* _Description of the task_:
Below are some entries; set them all down exactly.

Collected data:
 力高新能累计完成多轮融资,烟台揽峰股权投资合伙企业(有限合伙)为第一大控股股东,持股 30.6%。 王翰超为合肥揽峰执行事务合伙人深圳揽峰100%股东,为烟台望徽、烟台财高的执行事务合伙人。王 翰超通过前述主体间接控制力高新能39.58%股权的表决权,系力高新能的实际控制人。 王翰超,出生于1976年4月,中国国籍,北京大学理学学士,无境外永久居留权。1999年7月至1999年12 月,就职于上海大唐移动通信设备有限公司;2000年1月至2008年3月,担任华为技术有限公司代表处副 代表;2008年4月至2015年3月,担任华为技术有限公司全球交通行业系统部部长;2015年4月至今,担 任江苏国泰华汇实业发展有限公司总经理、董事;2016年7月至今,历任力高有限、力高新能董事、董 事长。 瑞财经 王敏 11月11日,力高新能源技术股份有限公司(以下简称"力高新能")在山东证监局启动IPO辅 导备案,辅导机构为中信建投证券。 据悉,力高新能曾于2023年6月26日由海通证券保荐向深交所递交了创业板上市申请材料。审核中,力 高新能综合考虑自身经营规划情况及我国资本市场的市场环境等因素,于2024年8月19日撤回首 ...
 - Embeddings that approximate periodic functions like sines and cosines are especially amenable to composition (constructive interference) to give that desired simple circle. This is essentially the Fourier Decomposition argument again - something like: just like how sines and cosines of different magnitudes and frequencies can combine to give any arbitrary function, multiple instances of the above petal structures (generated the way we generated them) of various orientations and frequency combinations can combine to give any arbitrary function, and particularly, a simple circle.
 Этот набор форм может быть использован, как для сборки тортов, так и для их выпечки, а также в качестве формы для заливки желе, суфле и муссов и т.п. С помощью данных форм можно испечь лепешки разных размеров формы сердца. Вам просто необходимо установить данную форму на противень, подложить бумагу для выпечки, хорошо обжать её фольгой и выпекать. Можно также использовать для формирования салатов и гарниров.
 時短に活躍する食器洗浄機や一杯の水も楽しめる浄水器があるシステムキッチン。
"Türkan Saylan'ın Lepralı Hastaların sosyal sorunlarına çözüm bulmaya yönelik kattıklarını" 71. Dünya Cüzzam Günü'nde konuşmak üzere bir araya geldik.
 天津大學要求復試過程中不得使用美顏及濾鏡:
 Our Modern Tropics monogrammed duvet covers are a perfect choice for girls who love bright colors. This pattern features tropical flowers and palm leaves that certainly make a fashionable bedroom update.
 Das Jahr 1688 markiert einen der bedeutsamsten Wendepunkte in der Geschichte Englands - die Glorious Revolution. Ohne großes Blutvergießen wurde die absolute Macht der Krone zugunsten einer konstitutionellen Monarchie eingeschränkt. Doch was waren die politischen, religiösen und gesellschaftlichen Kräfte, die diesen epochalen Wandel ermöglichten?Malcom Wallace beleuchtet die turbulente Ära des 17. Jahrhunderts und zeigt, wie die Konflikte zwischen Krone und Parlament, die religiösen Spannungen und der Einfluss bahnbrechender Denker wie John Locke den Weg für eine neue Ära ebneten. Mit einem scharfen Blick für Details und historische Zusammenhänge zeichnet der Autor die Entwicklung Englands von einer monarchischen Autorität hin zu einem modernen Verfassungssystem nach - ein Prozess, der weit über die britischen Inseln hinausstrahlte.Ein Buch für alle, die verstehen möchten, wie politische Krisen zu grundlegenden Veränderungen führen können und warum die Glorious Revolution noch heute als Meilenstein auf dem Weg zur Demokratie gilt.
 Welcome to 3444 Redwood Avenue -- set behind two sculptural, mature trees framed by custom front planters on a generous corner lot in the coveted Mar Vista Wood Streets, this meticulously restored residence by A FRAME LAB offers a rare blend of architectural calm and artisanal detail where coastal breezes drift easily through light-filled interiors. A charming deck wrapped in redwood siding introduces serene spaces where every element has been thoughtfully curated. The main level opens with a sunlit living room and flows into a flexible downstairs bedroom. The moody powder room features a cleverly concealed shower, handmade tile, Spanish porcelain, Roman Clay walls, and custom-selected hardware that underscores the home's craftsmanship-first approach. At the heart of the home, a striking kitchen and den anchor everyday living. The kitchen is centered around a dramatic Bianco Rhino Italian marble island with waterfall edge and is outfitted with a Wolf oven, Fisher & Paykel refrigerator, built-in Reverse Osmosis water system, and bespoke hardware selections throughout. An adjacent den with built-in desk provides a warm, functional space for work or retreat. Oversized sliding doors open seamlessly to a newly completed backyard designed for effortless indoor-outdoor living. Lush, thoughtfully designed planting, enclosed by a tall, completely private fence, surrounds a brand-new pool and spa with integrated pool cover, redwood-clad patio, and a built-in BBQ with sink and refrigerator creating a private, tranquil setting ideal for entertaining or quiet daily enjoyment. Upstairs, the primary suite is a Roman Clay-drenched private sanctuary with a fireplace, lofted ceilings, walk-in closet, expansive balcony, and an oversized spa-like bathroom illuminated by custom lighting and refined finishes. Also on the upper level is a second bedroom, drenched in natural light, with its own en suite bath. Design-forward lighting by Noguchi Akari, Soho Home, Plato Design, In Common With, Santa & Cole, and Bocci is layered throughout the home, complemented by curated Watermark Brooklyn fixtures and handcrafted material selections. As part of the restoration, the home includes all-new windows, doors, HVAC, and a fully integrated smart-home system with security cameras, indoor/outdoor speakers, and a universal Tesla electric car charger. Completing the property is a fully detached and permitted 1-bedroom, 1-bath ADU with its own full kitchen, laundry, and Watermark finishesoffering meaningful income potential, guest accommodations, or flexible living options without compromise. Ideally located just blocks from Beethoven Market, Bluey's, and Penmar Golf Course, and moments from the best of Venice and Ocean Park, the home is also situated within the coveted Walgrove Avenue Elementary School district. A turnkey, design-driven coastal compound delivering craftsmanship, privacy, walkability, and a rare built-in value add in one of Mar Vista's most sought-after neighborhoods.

* _Finished task_:
 力高新能累计完成多轮融资,烟台揽峰股权投资合伙企业(有限合伙)为第一大控股股东,持股 30.6%。 王翰超为合肥揽峰执行事务合伙人深圳揽峰100%股东,为烟台望徽、烟台财高的执行事务合伙人。王 翰超通过前述主体间接控制力高新能39.58%股权的表决权,系力高新能的实际控制人。 王翰超,出生于1976年4月,中国国籍,北京大学理学学士,无境外永久居留权。1999年7月至1999年12 月,就职于上海大唐移动通信设备有限公司;2000年1月至2008年3月,担任华为技术有限公司代表处副 代表;2008年4月至2015年3月,担任华为技术有限公司全球交通行业系统部部长;2015年4月至今,担 任江苏国泰华汇实业发展有限公司总经理、董事;2016年7月至今,历任力高有限、力高新能董事、董 事长。 瑞财经 王敏 11月11日,力高新能源技术股份有限公司(以下简称"力高新能")在山东证监局启动IPO辅 导备案,辅导机构为中信建投证券。 据悉,力高新能曾于2023年6月26日由海通证券保荐向深交所递交了创业板上市申请材料。审核中,力 高新能综合考虑自身经营规划情况及我国资本市场的市场环境等因素,于2024年8月19日撤回首 ...
 - Embeddings that approximate periodic functions like sines and cosines are especially amenable to composition (constructive interference) to give that desired simple circle. This is essentially the Fourier Decomposition argument again - something like: just like how sines and cosines of different magnitudes and frequencies can combine to give any arbitrary function, multiple instances of the above petal structures (generated the way we generated them) of various orientations and frequency combinations can combine to give any arbitrary function, and particularly, a simple circle.
 Этот набор форм может быть использован, как для сборки тортов, так и для их выпечки, а также в качестве формы для заливки желе, суфле и муссов и т.п. С помощью данных форм можно испечь лепешки разных размеров формы сердца. Вам просто необходимо установить данную форму на противень, подложить бумагу для выпечки, хорошо обжать её фольгой и выпекать. Можно также использовать для формирования салатов и гарниров.
 時短に活躍する食器洗浄機や一杯の水も楽しめる浄水器があるシステムキッチン。
"Türkan Saylan'ın Lepralı Hastaların sosyal sorunlarına çözüm bulmaya yönelik kattıklarını" 71. Dünya Cüzzam Günü'nde konuşmak üzere bir araya geldik.
 天津大學要求復試過程中不得使用美顏及濾鏡:
 Our Modern Tropics monogrammed duvet covers are a perfect choice for girls who love bright colors. This pattern features tropical flowers and palm leaves that certainly make a fashionable bedroom update.
 Das Jahr 1688 markiert einen der bedeutsamsten Wendepunkte in der Geschichte Englands - die Glorious Revolution. Ohne großes Blutvergießen wurde die absolute Macht der Krone zugunsten einer konstitutionellen Monarchie eingeschränkt. Doch was waren die politischen, religiösen und gesellschaftlichen Kräfte, die diesen epochalen Wandel ermöglichten?Malcom Wallace beleuchtet die turbulente Ära des 17. Jahrhunderts und zeigt, wie die Konflikte zwischen Krone und Parlament, die religiösen Spannungen und der Einfluss bahnbrechender Denker wie John Locke den Weg für eine neue Ära ebneten. Mit einem scharfen Blick für Details und historische Zusammenhänge zeichnet der Autor die Entwicklung Englands von einer monarchischen Autorität hin zu einem modernen Verfassungssystem nach - ein Prozess, der weit über die britischen Inseln hinausstrahlte.Ein Buch für alle, die verstehen möchten, wie politische Krisen zu grundlegenden Veränderungen führen können und warum die Glorious Revolution noch heute als Meilenstein auf dem Weg zur Demokratie gilt.
 Welcome to 3444 Redwood Avenue -- set behind two sculptural, mature trees framed by custom front planters on a generous corner lot in the coveted Mar Vista Wood Streets, this meticulously restored residence by A FRAME LAB offers a rare blend of architectural calm and artisanal detail where coastal breezes drift easily through light-filled interiors. A charming deck wrapped in redwood siding introduces serene spaces where every element has been thoughtfully curated. The main level opens with a sunlit living room and flows into a flexible downstairs bedroom. The moody powder room features a cleverly concealed shower, handmade tile, Spanish porcelain, Roman Clay walls, and custom-selected hardware that underscores the home's craftsmanship-first approach. At the heart of the home, a striking kitchen and den anchor everyday living. The kitchen is centered around a dramatic Bianco Rhino Italian marble island with waterfall edge and is outfitted with a Wolf oven, Fisher & Paykel refrigerator, built-in Reverse Osmosis water system, and bespoke hardware selections throughout. An adjacent den with built-in desk provides a warm, functional space for work or retreat. Oversized sliding doors open seamlessly to a newly completed backyard designed for effortless indoor-outdoor living. Lush, thoughtfully designed planting, enclosed by a tall, completely private fence, surrounds a brand-new pool and spa with integrated pool cover, redwood-clad patio, and a built-in BBQ with sink and refrigerator creating a private, tranquil setting ideal for entertaining or quiet daily enjoyment. Upstairs, the primary suite is a Roman Clay-drenched private sanctuary with a fireplace, lofted ceilings, walk-in closet, expansive balcony, and an oversized spa-like bathroom illuminated by custom lighting and refined finishes. Also on the upper level is a second bedroom, drenched in natural light, with its own en suite bath. Design-forward lighting by Noguchi Akari, Soho Home, Plato Design, In Common With, Santa & Cole, and Bocci is layered throughout the home, complemented by curated Watermark Brooklyn fixtures and handcrafted material selections. As part of the restoration, the home includes all-new windows, doors, HVAC, and a fully integrated smart-home system with security cameras, indoor/outdoor speakers, and a universal Tesla electric car charger. Completing the property is a fully detached and permitted 1-bedroom, 1-bath ADU with its own full kitchen, laundry, and Watermark finishesoffering meaningful income potential, guest accommodations, or flexible living options without compromise. Ideally located just blocks from Beethoven Market, Bluey's, and Penmar Golf Course, and moments from the best of Venice and Ocean Park, the home is also situated within the coveted Walgrove Avenue Elementary School district. A turnkey, design-driven coastal compound delivering craftsmanship, privacy, walkability, and a rare built-in value add in one of Mar Vista's most sought-after neighborhoods.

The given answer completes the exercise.